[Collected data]
______
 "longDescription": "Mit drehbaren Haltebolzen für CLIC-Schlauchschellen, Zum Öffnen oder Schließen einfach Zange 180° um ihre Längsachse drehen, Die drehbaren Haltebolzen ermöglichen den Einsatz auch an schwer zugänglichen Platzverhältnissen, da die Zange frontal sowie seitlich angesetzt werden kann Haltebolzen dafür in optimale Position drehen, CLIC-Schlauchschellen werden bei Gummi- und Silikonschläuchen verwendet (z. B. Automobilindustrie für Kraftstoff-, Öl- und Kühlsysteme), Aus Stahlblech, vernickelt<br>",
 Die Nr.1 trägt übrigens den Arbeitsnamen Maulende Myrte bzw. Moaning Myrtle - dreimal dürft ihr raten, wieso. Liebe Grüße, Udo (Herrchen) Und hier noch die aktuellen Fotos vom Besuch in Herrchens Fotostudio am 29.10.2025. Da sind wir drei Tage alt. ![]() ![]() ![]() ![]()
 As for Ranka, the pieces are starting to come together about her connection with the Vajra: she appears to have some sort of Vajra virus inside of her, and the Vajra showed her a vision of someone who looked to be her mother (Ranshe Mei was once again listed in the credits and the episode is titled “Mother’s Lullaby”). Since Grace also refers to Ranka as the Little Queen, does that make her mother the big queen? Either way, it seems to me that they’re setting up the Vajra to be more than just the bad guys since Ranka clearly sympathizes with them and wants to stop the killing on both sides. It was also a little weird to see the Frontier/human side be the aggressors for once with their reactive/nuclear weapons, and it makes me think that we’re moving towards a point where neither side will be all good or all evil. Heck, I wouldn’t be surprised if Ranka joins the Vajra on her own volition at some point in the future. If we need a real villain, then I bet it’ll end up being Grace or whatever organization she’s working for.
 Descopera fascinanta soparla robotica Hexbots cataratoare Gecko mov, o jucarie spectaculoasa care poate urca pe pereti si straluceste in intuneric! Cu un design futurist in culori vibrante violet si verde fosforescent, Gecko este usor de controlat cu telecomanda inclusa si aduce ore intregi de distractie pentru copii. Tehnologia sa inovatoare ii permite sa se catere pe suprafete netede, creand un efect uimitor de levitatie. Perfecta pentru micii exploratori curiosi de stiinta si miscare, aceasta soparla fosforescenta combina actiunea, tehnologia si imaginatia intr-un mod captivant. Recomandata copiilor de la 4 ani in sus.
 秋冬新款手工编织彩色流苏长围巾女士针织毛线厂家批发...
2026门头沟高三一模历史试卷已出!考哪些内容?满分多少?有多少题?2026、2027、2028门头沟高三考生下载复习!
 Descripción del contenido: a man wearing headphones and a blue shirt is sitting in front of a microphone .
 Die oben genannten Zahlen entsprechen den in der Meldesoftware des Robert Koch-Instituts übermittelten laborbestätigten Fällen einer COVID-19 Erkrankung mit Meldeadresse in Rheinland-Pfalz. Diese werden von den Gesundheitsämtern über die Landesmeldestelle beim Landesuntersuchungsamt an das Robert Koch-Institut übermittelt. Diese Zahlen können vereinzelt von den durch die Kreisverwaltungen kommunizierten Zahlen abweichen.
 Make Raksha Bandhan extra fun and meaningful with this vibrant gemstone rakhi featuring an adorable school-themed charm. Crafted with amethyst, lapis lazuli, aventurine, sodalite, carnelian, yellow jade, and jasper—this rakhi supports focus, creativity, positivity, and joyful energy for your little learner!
______
_WHAT THE TASK REQUIRES_.
Look above for lines with the word "little" and copy them all.

_SOLUTION_.
 As for Ranka, the pieces are starting to come together about her connection with the Vajra: she appears to have some sort of Vajra virus inside of her, and the Vajra showed her a vision of someone who looked to be her mother (Ranshe Mei was once again listed in the credits and the episode is titled “Mother’s Lullaby”). Since Grace also refers to Ranka as the Little Queen, does that make her mother the big queen? Either way, it seems to me that they’re setting up the Vajra to be more than just the bad guys since Ranka clearly sympathizes with them and wants to stop the killing on both sides. It was also a little weird to see the Frontier/human side be the aggressors for once with their reactive/nuclear weapons, and it makes me think that we’re moving towards a point where neither side will be all good or all evil. Heck, I wouldn’t be surprised if Ranka joins the Vajra on her own volition at some point in the future. If we need a real villain, then I bet it’ll end up being Grace or whatever organization she’s working for.
 Make Raksha Bandhan extra fun and meaningful with this vibrant gemstone rakhi featuring an adorable school-themed charm. Crafted with amethyst, lapis lazuli, aventurine, sodalite, carnelian, yellow jade, and jasper—this rakhi supports focus, creativity, positivity, and joyful energy for your little learner!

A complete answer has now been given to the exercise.